Gate of the Leonine Wall in Rome, Italy

Porta Pertusa is one of the gates of the Leonine Wall in Rome (Italy).

==Description==
The gate has three openings: two secondary accesses on both sides of the main gate, surrounded by a bossage, all of which are currently walled up. The gate rises in Viale Vaticano, close to the street of the same name; it is overlooked by the tower of San Giovanni (restored by Antipope John XXIII, who resided in it during the last years of his papacy), the south-western bastion of the former Leonine Wall.

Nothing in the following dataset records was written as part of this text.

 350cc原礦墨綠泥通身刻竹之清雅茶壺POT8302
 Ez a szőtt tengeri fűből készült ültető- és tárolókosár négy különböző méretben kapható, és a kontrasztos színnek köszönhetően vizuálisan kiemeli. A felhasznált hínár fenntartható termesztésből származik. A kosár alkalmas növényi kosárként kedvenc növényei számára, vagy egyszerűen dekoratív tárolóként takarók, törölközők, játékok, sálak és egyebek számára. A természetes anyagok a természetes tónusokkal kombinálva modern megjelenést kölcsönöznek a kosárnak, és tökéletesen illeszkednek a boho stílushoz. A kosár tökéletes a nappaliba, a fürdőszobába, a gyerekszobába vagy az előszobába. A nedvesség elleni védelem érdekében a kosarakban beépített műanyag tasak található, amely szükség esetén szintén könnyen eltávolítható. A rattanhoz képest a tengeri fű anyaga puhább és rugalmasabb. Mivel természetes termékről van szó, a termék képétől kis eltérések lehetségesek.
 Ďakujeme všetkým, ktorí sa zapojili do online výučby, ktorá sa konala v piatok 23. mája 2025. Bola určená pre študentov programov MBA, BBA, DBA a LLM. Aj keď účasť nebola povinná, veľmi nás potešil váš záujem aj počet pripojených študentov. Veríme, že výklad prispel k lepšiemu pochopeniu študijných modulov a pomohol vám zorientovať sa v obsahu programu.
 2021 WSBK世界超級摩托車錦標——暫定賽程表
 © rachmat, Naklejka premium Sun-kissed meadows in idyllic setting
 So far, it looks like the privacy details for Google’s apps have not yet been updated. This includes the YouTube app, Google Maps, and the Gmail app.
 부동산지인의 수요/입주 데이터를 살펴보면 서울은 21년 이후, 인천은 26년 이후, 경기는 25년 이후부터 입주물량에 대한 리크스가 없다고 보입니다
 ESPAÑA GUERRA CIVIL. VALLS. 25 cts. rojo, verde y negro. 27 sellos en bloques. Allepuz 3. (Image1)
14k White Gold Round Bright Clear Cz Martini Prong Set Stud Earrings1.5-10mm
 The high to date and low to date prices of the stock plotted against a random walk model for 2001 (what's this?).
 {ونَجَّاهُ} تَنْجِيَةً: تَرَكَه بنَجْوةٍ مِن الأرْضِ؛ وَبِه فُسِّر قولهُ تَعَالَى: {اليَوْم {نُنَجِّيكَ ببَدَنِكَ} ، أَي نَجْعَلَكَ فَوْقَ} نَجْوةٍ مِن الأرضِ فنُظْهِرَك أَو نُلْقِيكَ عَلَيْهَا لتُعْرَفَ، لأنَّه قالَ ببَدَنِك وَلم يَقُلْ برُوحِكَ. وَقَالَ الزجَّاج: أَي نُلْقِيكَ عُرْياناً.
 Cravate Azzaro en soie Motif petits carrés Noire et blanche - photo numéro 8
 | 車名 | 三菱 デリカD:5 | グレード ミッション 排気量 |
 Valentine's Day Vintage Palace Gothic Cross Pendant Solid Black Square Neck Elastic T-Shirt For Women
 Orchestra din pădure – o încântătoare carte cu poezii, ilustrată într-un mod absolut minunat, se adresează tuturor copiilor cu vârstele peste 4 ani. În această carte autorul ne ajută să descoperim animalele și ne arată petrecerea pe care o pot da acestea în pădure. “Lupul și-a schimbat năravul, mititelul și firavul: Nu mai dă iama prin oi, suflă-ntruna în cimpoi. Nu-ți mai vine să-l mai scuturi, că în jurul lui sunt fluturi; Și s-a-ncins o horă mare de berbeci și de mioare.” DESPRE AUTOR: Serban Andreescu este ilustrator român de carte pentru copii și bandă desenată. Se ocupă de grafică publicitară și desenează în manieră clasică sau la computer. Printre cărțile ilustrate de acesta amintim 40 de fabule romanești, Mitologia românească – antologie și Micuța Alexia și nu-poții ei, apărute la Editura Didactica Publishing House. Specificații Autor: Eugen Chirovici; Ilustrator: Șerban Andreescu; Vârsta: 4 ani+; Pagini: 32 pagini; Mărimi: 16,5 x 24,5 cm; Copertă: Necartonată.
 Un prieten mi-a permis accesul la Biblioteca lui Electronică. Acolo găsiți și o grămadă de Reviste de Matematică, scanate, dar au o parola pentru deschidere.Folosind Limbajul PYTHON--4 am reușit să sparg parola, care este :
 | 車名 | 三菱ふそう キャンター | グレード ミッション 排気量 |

The age of its construction is controversial, similar to that of the Porta Cavalleggeri. It probably dates back to the end of the 14th century, when the Popes, coming back to Rome from Avignon, returned their residence at the Vatican (thus leaving their previous residence in the Lateran). The three gates of the Leonine Wall (Note: The original wall of Pope Leo IV had just three accesses: the Posterula Sancti Angeli, porta San Pellegrino and the Posterula Saxonum.) turned out to be too few to meet the needs of the resulting population and building increase. It was created by drilling the former walls (in late Latin pertusus means "drilled") and probably its use was only for the Curia and not town traffic. Stefano Piale, having observed that there is no mention preceding that of the humanist Flavio Biondo, thinks that it was erected by antipope John XXIII, thus dating it at the first quarter of the 15th century. On the other hand, a document dating back to 1279 could make reference to it.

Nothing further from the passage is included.